Historically, China’s consumer internet has splintered into competing walled gardens–share a Taobao link in WeChat and it resolves as plaintext, not a preview card. Unlike the more interoperable Western internet, China’s tech giants have long resisted integration with one another, choosing to wage platform war at the expense of a seamless user experience.
But the use of mini-programs has given WeChat unprecedented reach across services that once resisted interoperability, from gym bookings to grocery orders. An agent able to roam that ecosystem could bypass the integration headaches dogging independent startups.
Alibaba, the e-commerce giant behind the Qwen model series, has been a front-runner in China’s AI race but has been slower to release consumer-facing products. Even though Qwen was the most downloaded open-source model on Hugging Face in 2024, it didn’t power a dedicated chatbot app until early 2025. In March, Alibaba rebranded its cloud storage and search app Quark into an all-in-one AI search tool. By June, Quark had introduced DeepResearch–a new mode that marks its most agent-like effort to date.
ByteDance and Alibaba did not reply to MIT Technology Review‘s request for comments.
“Historically, Chinese tech products tend to pursue the all-in-one, super-app approach, and the latest Chinese AI agents reflect just that,” says Li of Simular, who previously worked at Google DeepMind on lifelong learning agents. “In contrast, AI agents in the US are more focused on serving specific verticals.”

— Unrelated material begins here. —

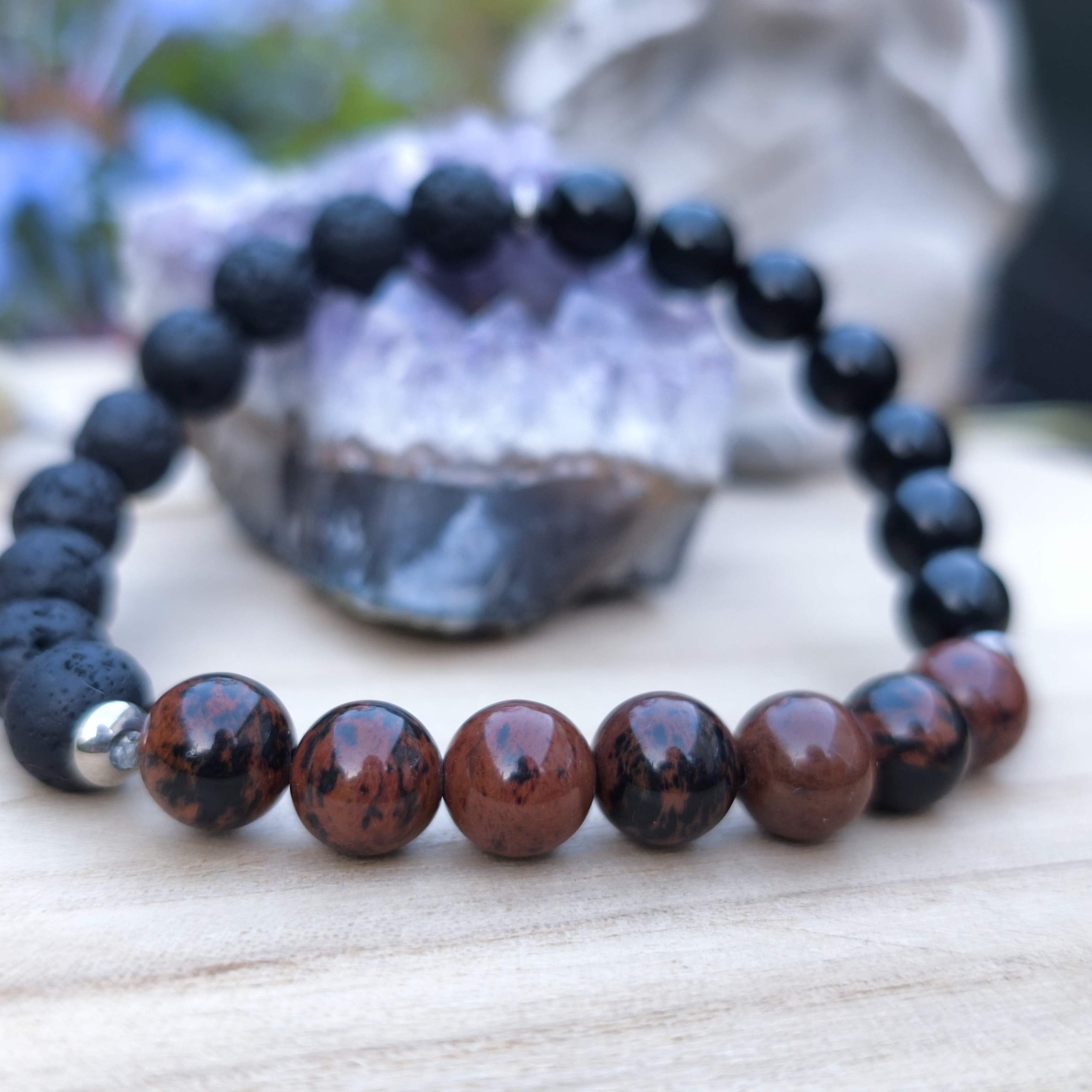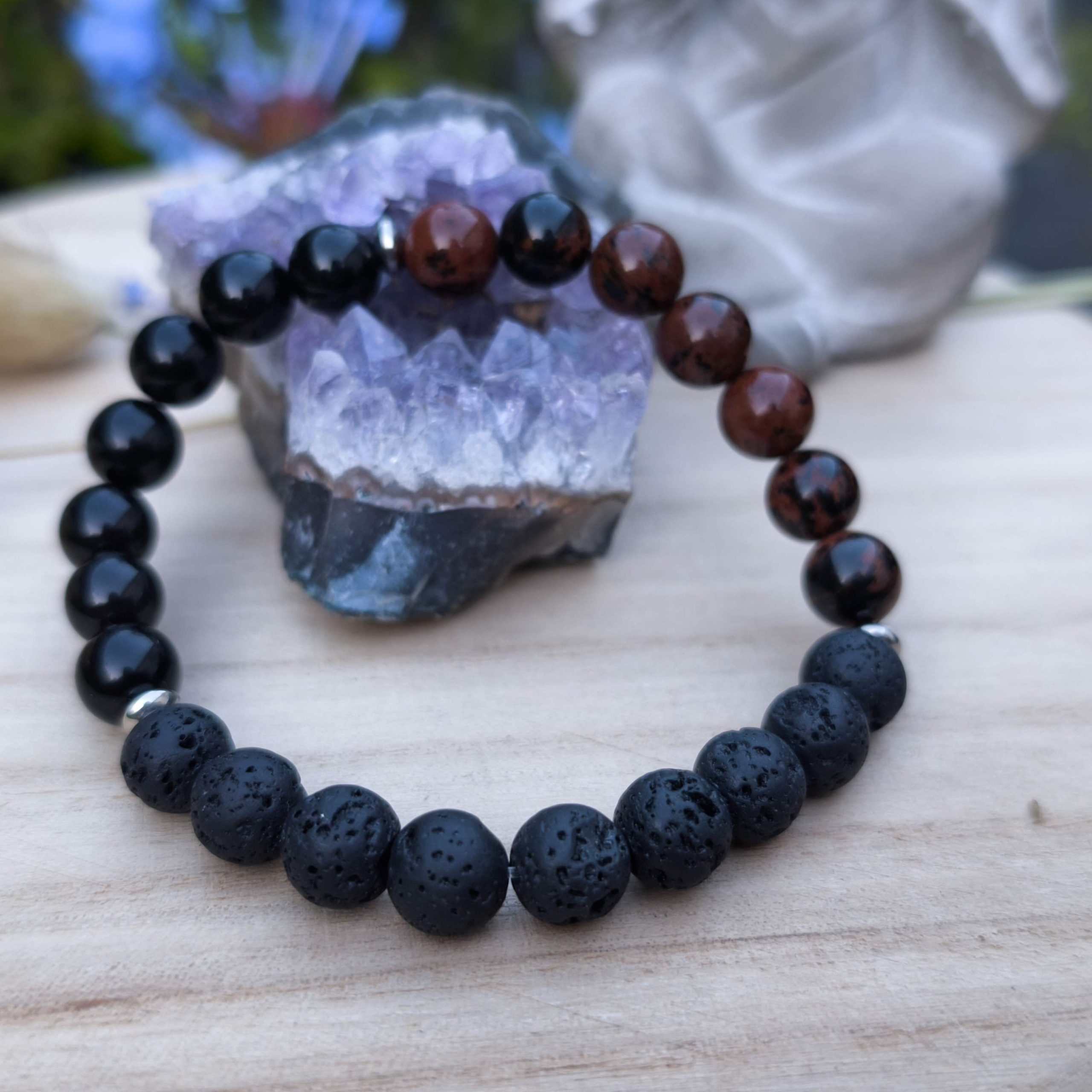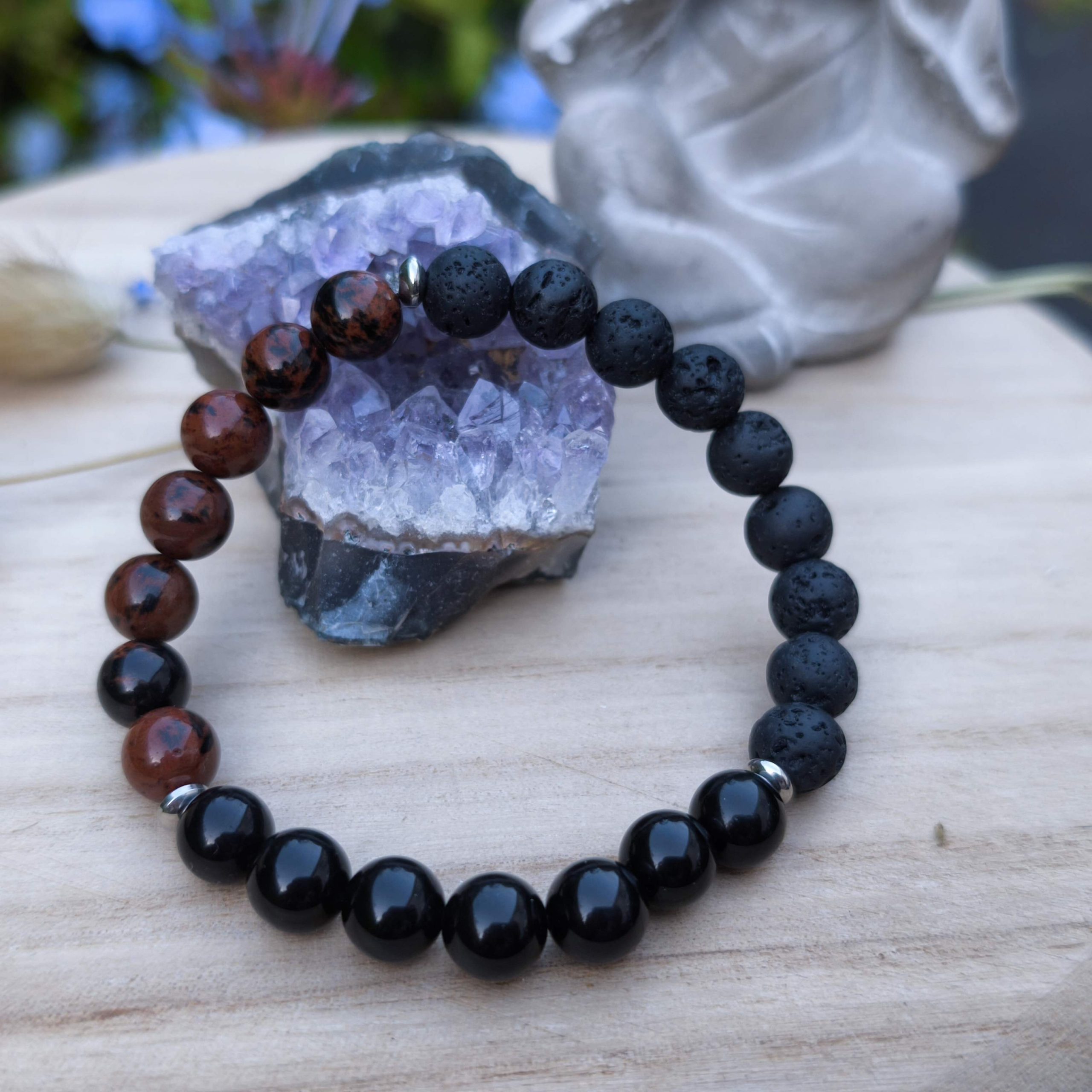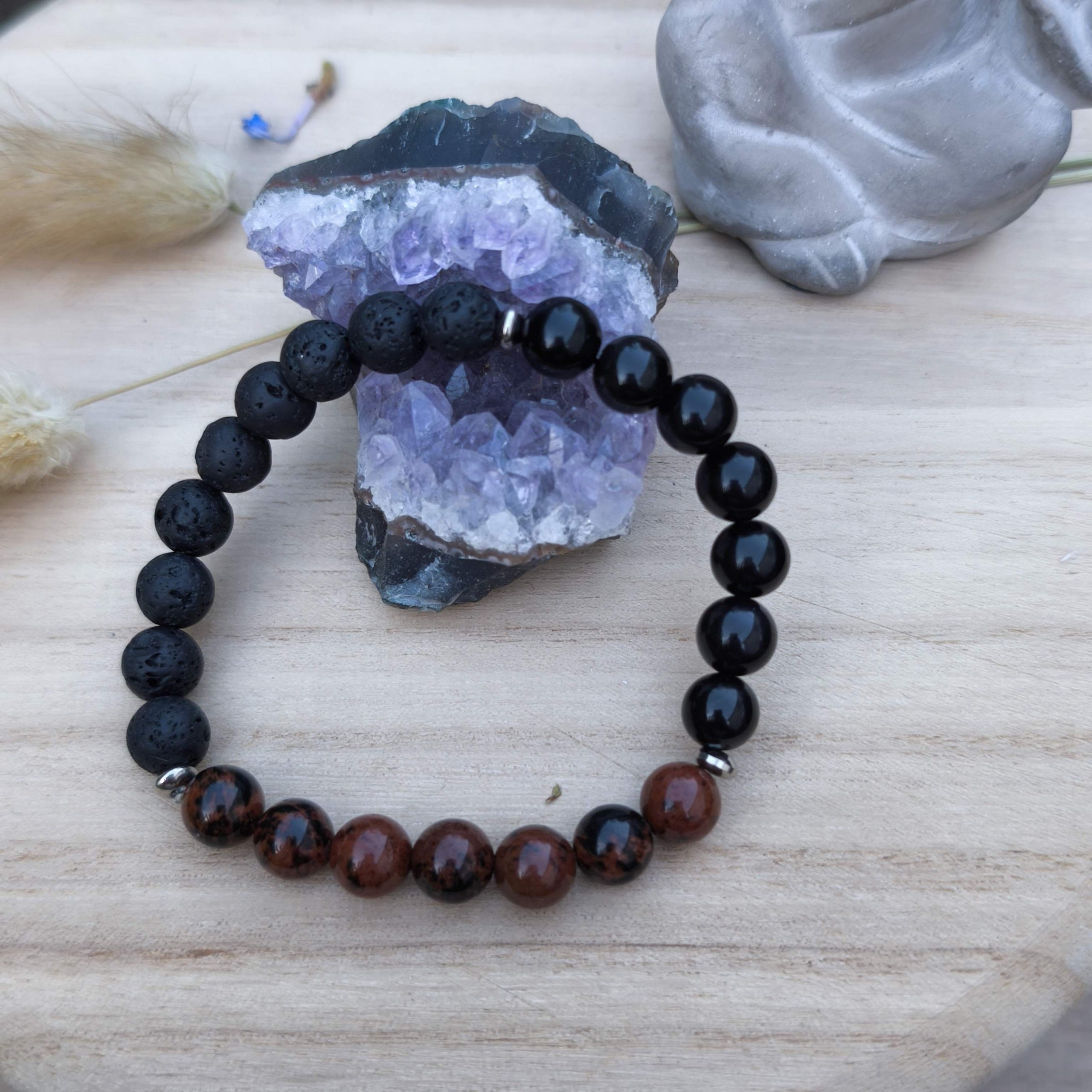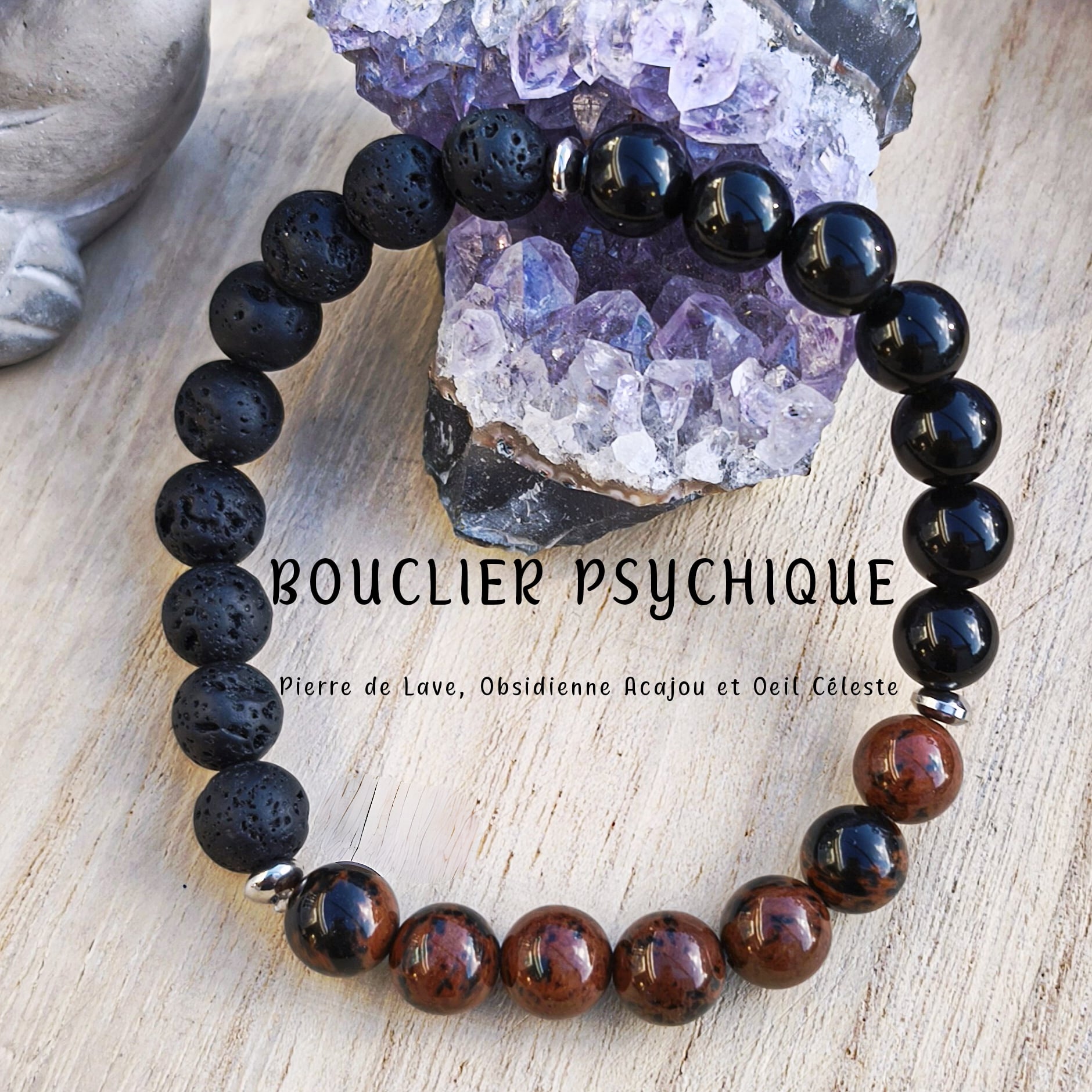 « Bouclier psychique » – Obsidienne Œil céleste, Obsidienne Acajou & Pierre de Lave

Pei, the researcher at Stanford, says that existing tech giants could have a huge advantage in bringing the vision of general AI agents to life–especially those with built-in integration across services. “The customer-facing AI agent market is still very early, with tons of problems like authentication and liability,” he says. “But companies that already operate across a wide range of services have a natural advantage in deploying agents at scale.”